Vasodilatory shock in sepsis has been hypothesized to reflect a state of NO excess. However, several recent isotope studies have shown no net increase in NO synthesis in humans with sepsis [2224]. To explain this, it has been proposed that sepsis may be a state of imbalance between the NOS isoforms inducible NOS and endothelial NOS in the microvasculature [25]. This could lead to a relative deficiency of endothelial NO, which is required to maintain the microvascular endothelium in a healthy, quiescent state.

Another possible reason for endothelial NO deficiency is decreased availability of L-arginine, the substrate for NOS and the precursor for NO [26]. Sepsis has been hypothesised to be an arginine-deficient state [27], although plasma L-arginine levels in humans with sepsis have been variably reported to be high [28], normal [29, 30] or low [22, 31, 32]. Decreased plasma L-arginine has been linked to decreased NO production in animal and in vitro models [33].

We hypothesised that RH-PAT would be a feasible technique to measure microvascular reactivity in sepsis and that microvascular reactivity would be impaired in subjects with sepsis in proportion to disease severity. Our secondary hypotheses were that microvascular reactivity would correlate with plasma L-arginine and measures of endothelial activation, and that plasma L-arginine concentrations would be decreased in sepsis.

Materials and methods

Study design and setting

We performed a prospective observational cohort study in a 350-bed teaching hospital in tropical northern Australia, with an 18-bed mixed intensive care unit (ICU). Approval was obtained from Human Research Ethics Committee of the Menzies School of Health Research and the Department of Health and Community Services, Darwin. Written informed consent was obtained from all participants or next of kin.
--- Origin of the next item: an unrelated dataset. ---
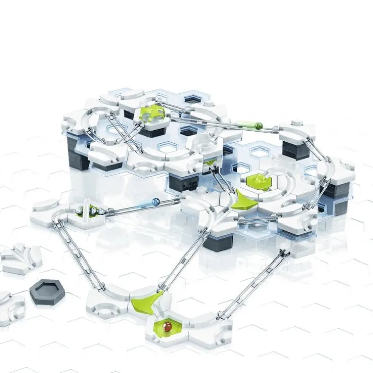 Med GraviTrax® kulbanesystem bygger du egna världar av kulbanor. Med byggelementen skapar du en fartfylld bana som kulorna rullar i mål på. GraviTrax® kulbanesystemet kan göras oändligt större med utökningar och garanterar gränslöst bygg- och spelnöje! För mer information se Gravitrax.com Innehåll: anvisningar, häfte med byggplaner, häfte med uppgifter, 4 bottenplattor, 2 transparenta nivåer, 6 kulor, 40 höjdblock stora, 12 höjdblock små, 21 kurvor, 3 korsningar, 2 växlar, 1 3-in-1, 1 virvel, 1 startblock, 1 magnetisk action-kanon, 3 långa spår, 6 medellånga spår, 9 korta spår, 1 mållinje, 4 basblock, insatser för basblocken: 2 infångare, 1 fritt fall, 1 splash, 1 mål.

Between March 2006 and November 2007, all adult subjects (≥ 18 years) admitted to the hospital were screened regarding eligibility for the study. Inclusion criteria for sepsis subjects were: suspected or proven infection; presence of two or more criteria for the systemic inflammatory response syndrome within the past four hours [34]; and admission to ICU within the preceding 24 hours or to the wards within the preceding 36 hours. Exclusion criteria were coagulopathy (platelets ≤ 20 × 109/L, activated partial thromboplastin time ≥ 70 seconds, international normalized ratio ≥ 2.0); smoking of tobacco within the preceding four hours; and current administration of intravenous nitrates. Control subjects were recruited from hospital patients with no clinical or laboratory evidence of inflammation or infection, and who had not met systemic inflammatory response syndrome criteria within the preceding 30 days. Severe sepsis was defined as sepsis with organ dysfunction or shock at the time of enrolment according to American College of Chest Physicians/Society of Critical Care Medicine consensus criteria [34, 35].

Measurement of microvascular reactivity

Sepsis subjects underwent standardised demographic and clinical data collection, bedside RH-PAT measurement (Endopat 2000, Itamar Medical, Caesarea, Israel), and blood collection at days 0 and 2 to 4. All studies were performed after resuscitation and at least one hour of hemodynamic stability (defined as no change in vasopressor dose or need for fluid boluses) in a quiet room at 25°C, with the patient recumbent. Control subjects had the same assessment at a single time point.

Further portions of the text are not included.